▶ [Exercise description] Reproduce the records that follow exactly; any picture among them stays out.
[Start of section]
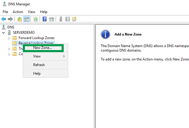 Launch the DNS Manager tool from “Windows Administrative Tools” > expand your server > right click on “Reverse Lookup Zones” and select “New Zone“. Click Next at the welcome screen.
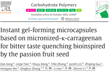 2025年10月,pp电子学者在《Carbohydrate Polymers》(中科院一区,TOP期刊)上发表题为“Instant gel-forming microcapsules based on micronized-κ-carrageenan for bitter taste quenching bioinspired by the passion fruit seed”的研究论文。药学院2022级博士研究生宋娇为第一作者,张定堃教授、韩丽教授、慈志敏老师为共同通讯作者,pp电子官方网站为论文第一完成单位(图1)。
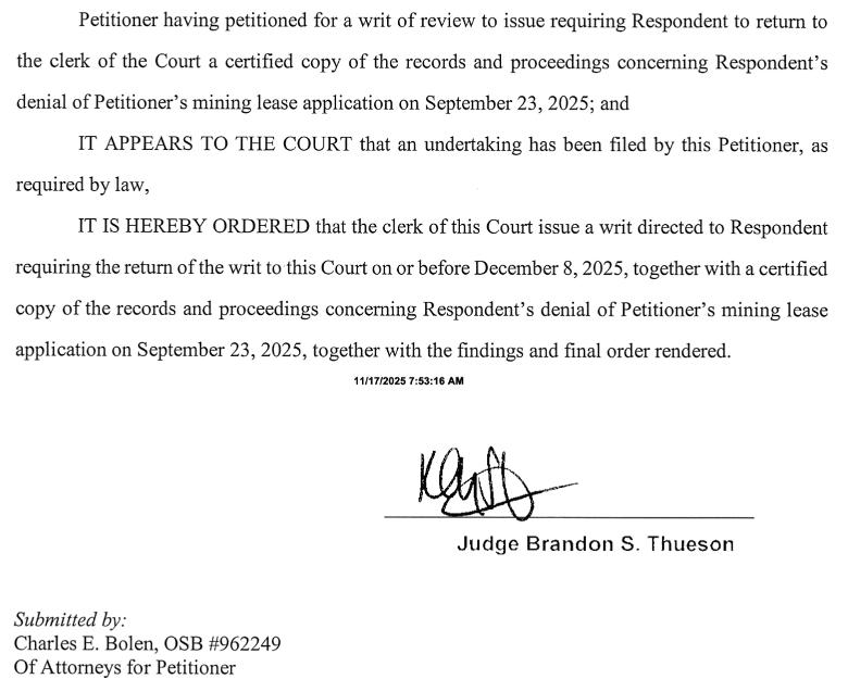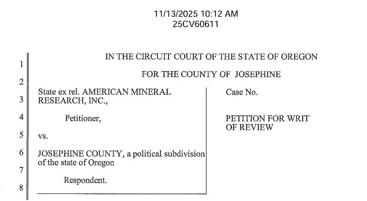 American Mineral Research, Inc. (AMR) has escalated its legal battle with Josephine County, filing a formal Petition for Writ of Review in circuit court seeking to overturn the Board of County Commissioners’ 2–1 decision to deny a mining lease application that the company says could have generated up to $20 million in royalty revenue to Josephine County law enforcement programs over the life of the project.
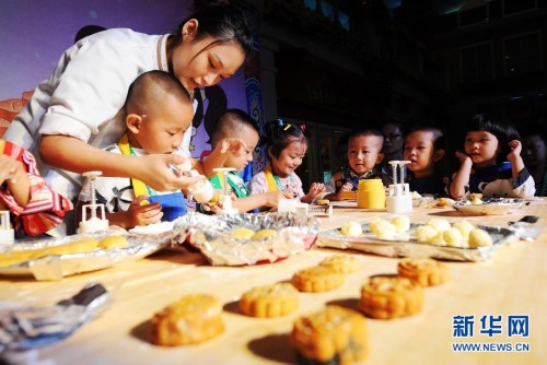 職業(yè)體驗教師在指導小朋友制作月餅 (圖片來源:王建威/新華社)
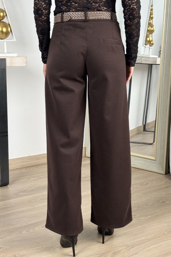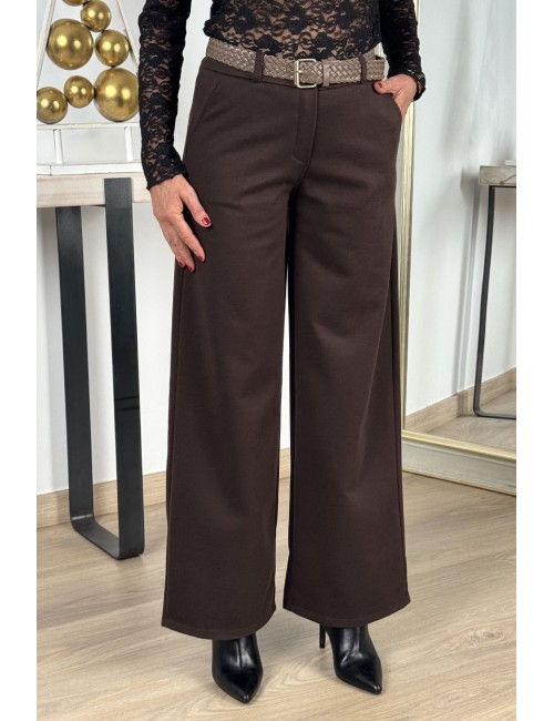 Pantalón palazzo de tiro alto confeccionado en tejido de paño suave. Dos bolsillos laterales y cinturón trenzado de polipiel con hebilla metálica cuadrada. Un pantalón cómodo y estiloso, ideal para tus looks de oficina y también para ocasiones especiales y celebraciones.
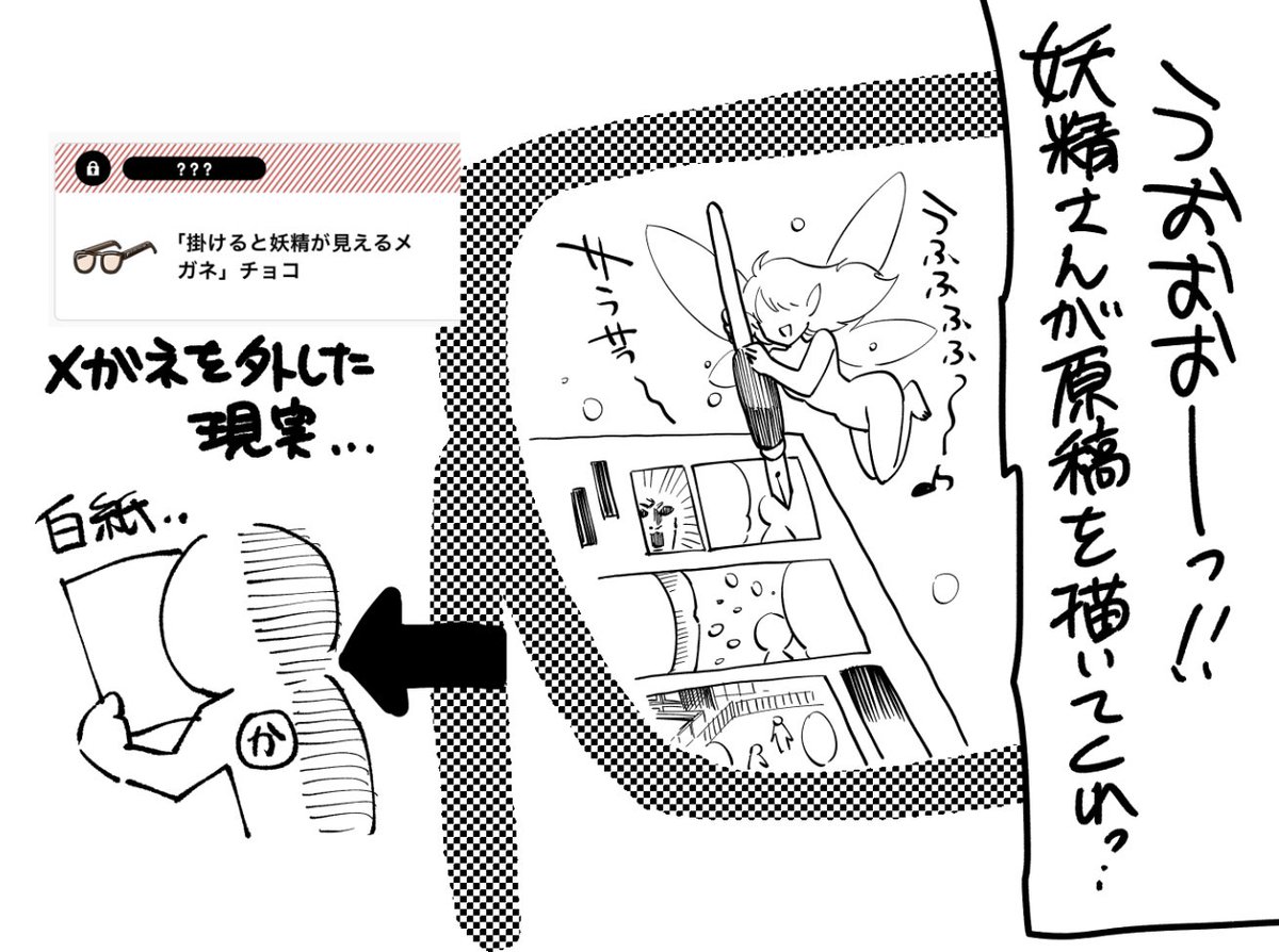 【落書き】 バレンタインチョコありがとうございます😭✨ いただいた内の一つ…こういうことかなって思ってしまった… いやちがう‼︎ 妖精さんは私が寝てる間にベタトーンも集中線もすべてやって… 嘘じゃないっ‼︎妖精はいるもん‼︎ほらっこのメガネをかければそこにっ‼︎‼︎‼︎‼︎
[End of section]
▶ [Solution to the problem]
 Launch the DNS Manager tool from “Windows Administrative Tools” > expand your server > right click on “Reverse Lookup Zones” and select “New Zone“. Click Next at the welcome screen.
 2025年10月,pp电子学者在《Carbohydrate Polymers》(中科院一区,TOP期刊)上发表题为“Instant gel-forming microcapsules based on micronized-κ-carrageenan for bitter taste quenching bioinspired by the passion fruit seed”的研究论文。药学院2022级博士研究生宋娇为第一作者,张定堃教授、韩丽教授、慈志敏老师为共同通讯作者,pp电子官方网站为论文第一完成单位(图1)。
 American Mineral Research, Inc. (AMR) has escalated its legal battle with Josephine County, filing a formal Petition for Writ of Review in circuit court seeking to overturn the Board of County Commissioners’ 2–1 decision to deny a mining lease application that the company says could have generated up to $20 million in royalty revenue to Josephine County law enforcement programs over the life of the project.
 職業(yè)體驗教師在指導小朋友制作月餅 (圖片來源:王建威/新華社)
 Pantalón palazzo de tiro alto confeccionado en tejido de paño suave. Dos bolsillos laterales y cinturón trenzado de polipiel con hebilla metálica cuadrada. Un pantalón cómodo y estiloso, ideal para tus looks de oficina y también para ocasiones especiales y celebraciones.
 【落書き】 バレンタインチョコありがとうございます😭✨ いただいた内の一つ…こういうことかなって思ってしまった… いやちがう‼︎ 妖精さんは私が寝てる間にベタトーンも集中線もすべてやって… 嘘じゃないっ‼︎妖精はいるもん‼︎ほらっこのメガネをかければそこにっ‼︎‼︎‼︎‼︎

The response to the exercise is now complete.